§ **Assigned task**: Omit pictures and quote the listing below line by line, from its start through the line that holds "động mượt mà.".

§ **Supplied material**:
•••
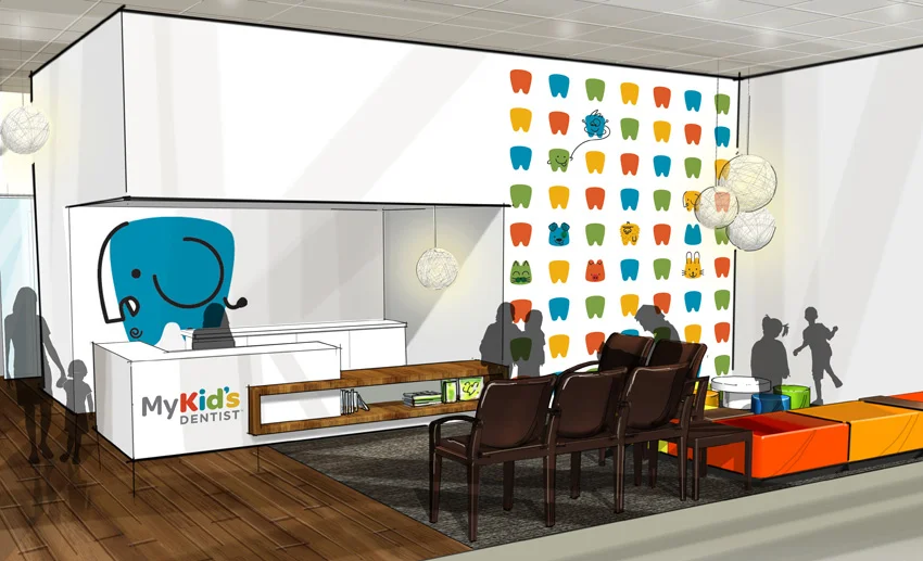 The colorful tooth wall that can be drawn on is the centerpiece of the My Kid's Dentist environmental experience. Originally proposed as an interactive touch glass wall, other manifestations are as a glass wall to be drawn on with dry erase markers, or simply as wall decals.
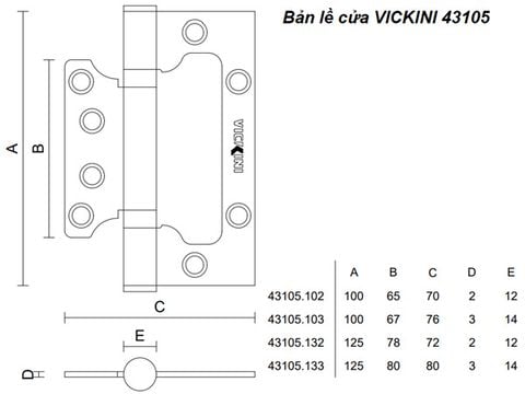 🔧 Bản Lề Cửa VICKINI 43105.103 – Lựa chọn tuyệt vời cho mọi công trình, đảm bảo chất lượng vượt trội, cửa luôn chắc chắn và hoạt động mượt mà.
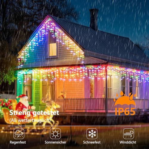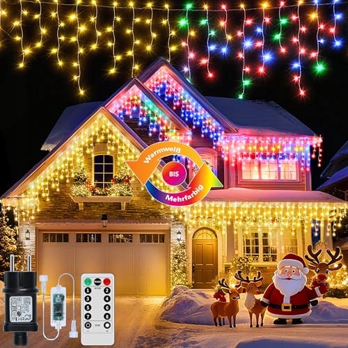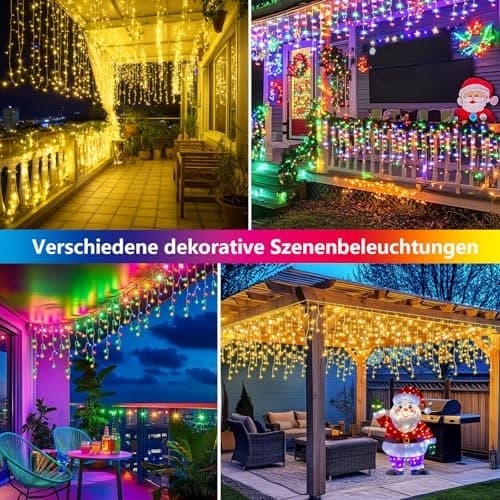 🌟【3 w 1 zmiana koloru za pomocą przycisku】 Innowacyjna koncepcja 3 w 1 kolorów: zewnętrzna girlanda z efektem lodowego deszczu swobodnie przełącza się między „stałym ciepłym światłem” (przytulna atmosfera na wieczory bożonarodzeniowe/rodzinne spotkania), „stałym kolorowym światłem” (żywa atmosfera na imprezy/urodziny) oraz „naprzemiennym miganiem ciepło-kolorowym” (dynamiczny efekt na zdjęcia świąteczne/dekoracje ogrodowe). Jeden klik = 3 style dekoracji, oszczędne i różnorodne.
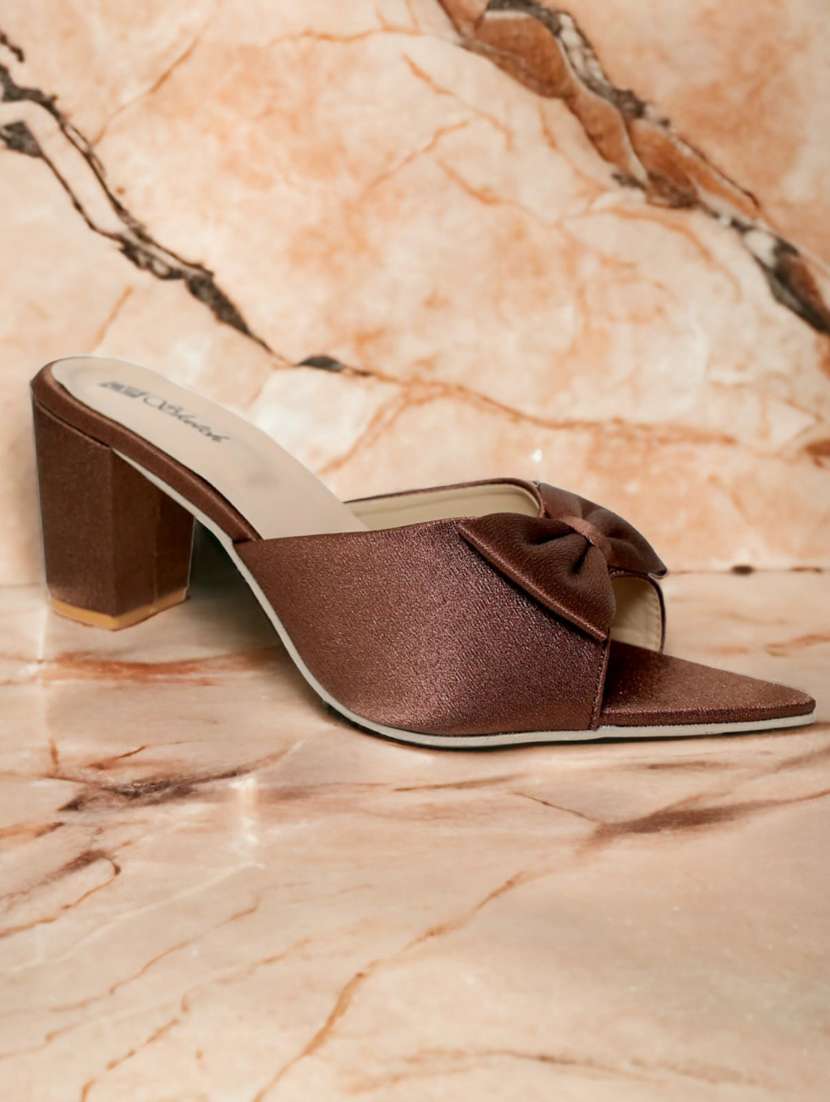 brown synthetic slip on sandals
•••
§ **Written response**:
 The colorful tooth wall that can be drawn on is the centerpiece of the My Kid's Dentist environmental experience. Originally proposed as an interactive touch glass wall, other manifestations are as a glass wall to be drawn on with dry erase markers, or simply as wall decals.
 🔧 Bản Lề Cửa VICKINI 43105.103 – Lựa chọn tuyệt vời cho mọi công trình, đảm bảo chất lượng vượt trội, cửa luôn chắc chắn và hoạt động mượt mà.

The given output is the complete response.